AI & Disclosure

A(I) Note from the Creator

First-things-first, a heartfelt thank-you to you, reader, for finding your way here. If you’ve noticed the AI-Assisted notation on the cover — you have questions. This page is where I try to answer them honestly, before you decide whether this book is for you.

Next-things-next, my name and the title of Author do not appear together in this book; this is because I am not one. The term Creator I feel I have earned — though even that may push limits depending on who you, the reader, are.

This book is AI-Assisted, and I want to be plain about what that means in this particular case. Alongside the cadre of real people who helped this book along, and much of the book having been created the way books have always been, I also used Claude as my writing and thinking partner in many parts. The story is mine — the characters, their arcs, the beats, the pacing, the events, the narrative voice; every choice about what this book is. They are mine if you love them, and mine if they make you ill.

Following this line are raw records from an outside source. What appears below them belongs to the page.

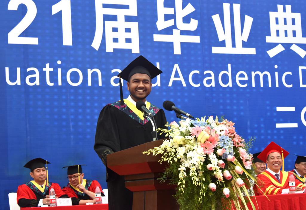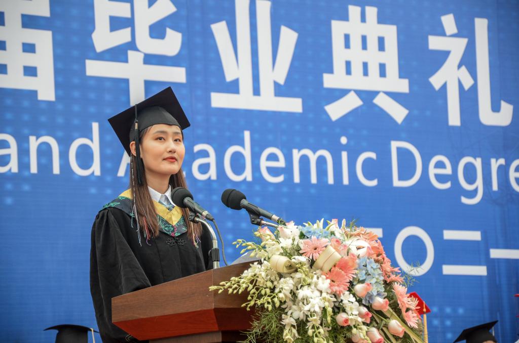 校友代表、教师代表、本科毕业生代表、国际学生代表和研究生毕业生代表依次上台发言。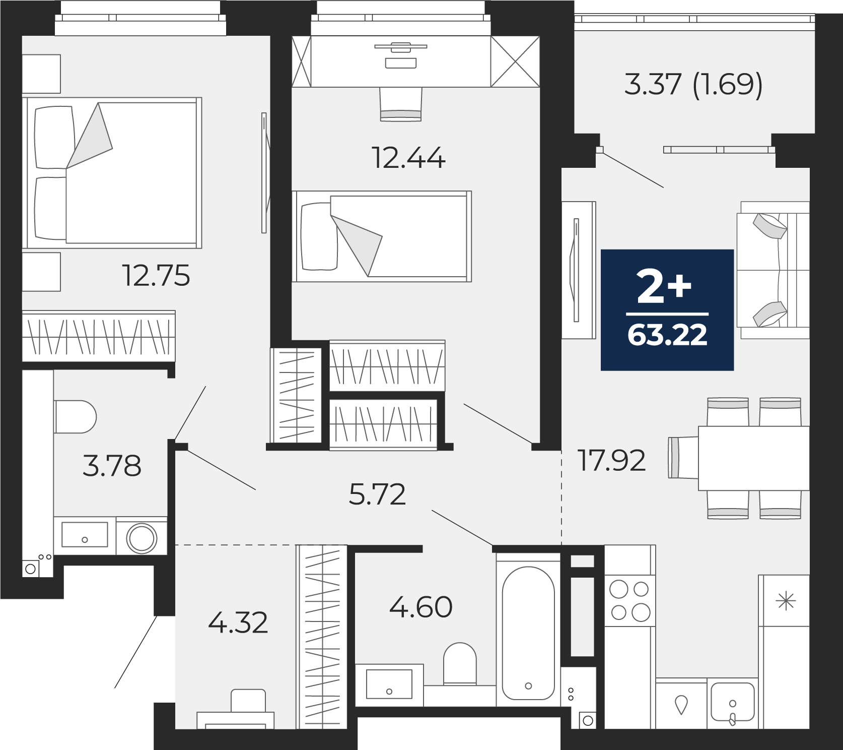 Площадь 63.22 м2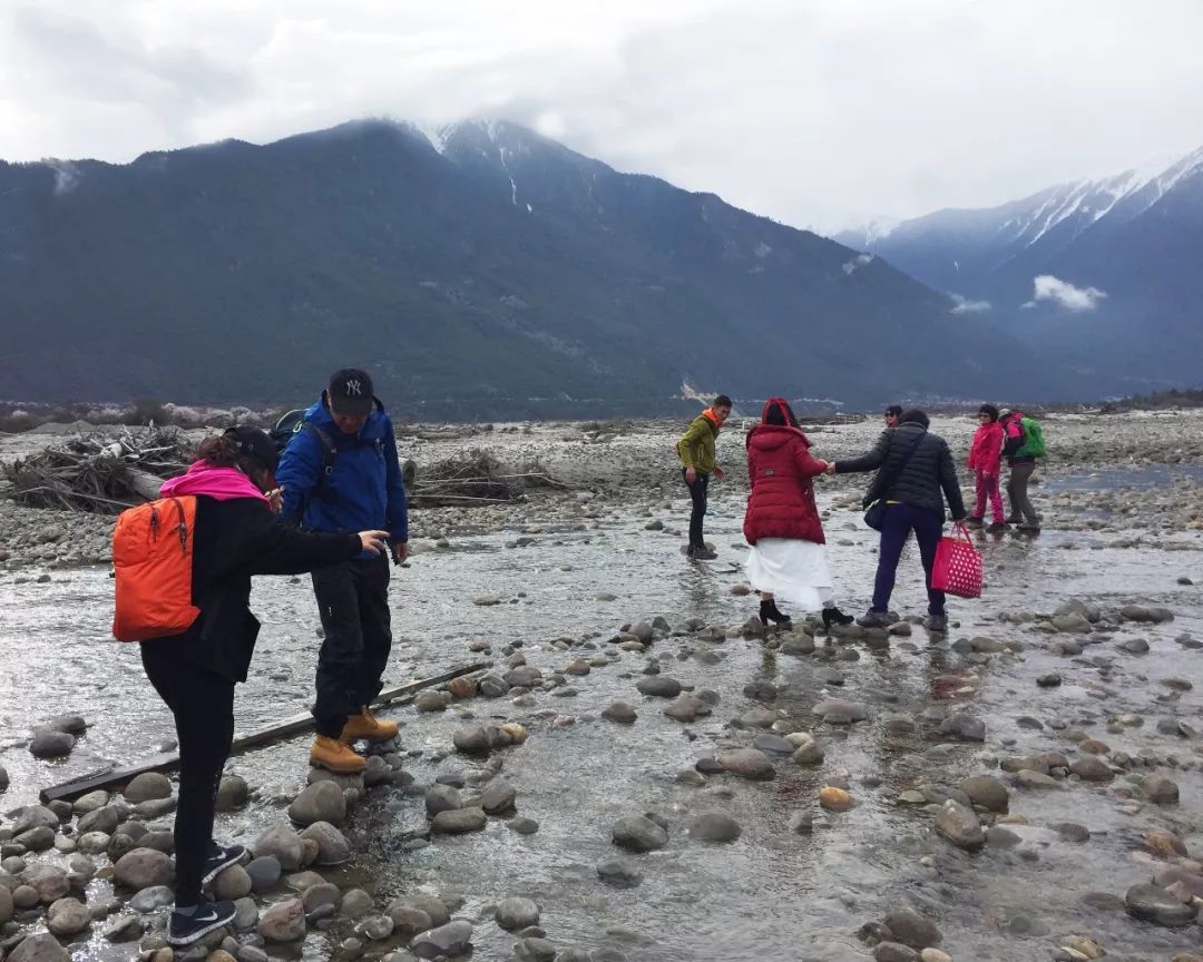 进入波密桃花沟,又一次开启惊呼声浪潮,候鸟领队神秘的说:“看更加深度的桃花队友跟我走”,一段徒步穿越开始了,接着是一段涉水徒步,再继续,河水较深,过不去了,我们遥看了一阵子远山处朦胧的村寨桃花,徒步返回桃花沟景区。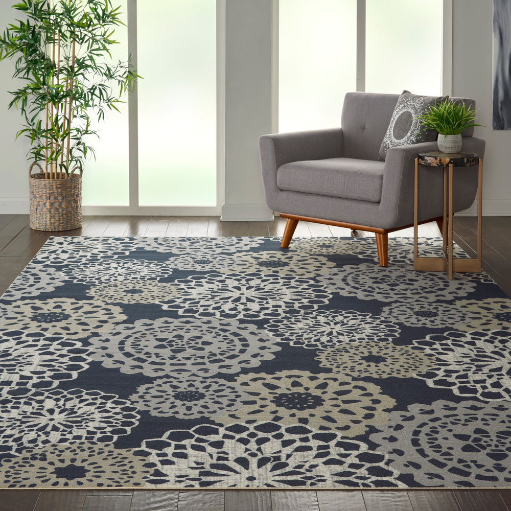 Stylized disks swirl and twirl in shades of grey and ivory on a navy black field, bringing a vibrant energy to this Rare Jewels rug from Waverly’s Sun N Shade Collection. Easy-care fibers are perfect for creating a lasting outdoor statement for your deck or patio.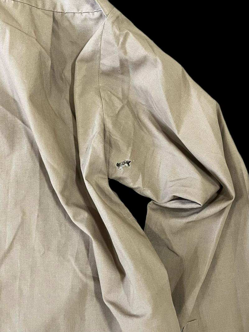 This is a British Woman's Khaki long sleeve shirt, there is a very small hole on the right sleeve by the armpit, size 34 collar and 88 bust.

Many of these chapters’ first version was drafted by Claude after detailed planning, at my direction, and then kept, cut, reshaped, or replaced and expanded by me. Clay for the wheel, so to speak.

Another imperfect metaphor gets close to my position (at the time of writing). I am the creator of this book the way a baker is the creator of a cake. I knew what I wanted it to taste like — the texture, the smell, the feeling I wanted the eater left with, maybe even how I wanted them to see the world after. I baked it over and over, and I am proud of the way the last one turned out. It is my recipe.

In this metaphor an Author would be a baker too. And also a Farmer, and a Miller. They grow the grain from seed and tend it through the season; they mill it fine; they raise the chickens and the cows; the dirt is caked under their fingernails. They are Scholars and Mystics and a great many other things I am not. I bought my eggs and flour from the store, so to speak — from software with a supernatural ability to learn all the best things from all the most famous millers and farmers, and make it available to people like me. It would be easy to substitute the word LEARN, above, for the word STEAL.

I remain conflicted, but very proud of this cake book. I leave it to you, the reader, to decide where the credit or the blame should fall. My only real hope is that it tastes good to you — and that if it does, you might be inclined to recommend it to others with a sweet tooth.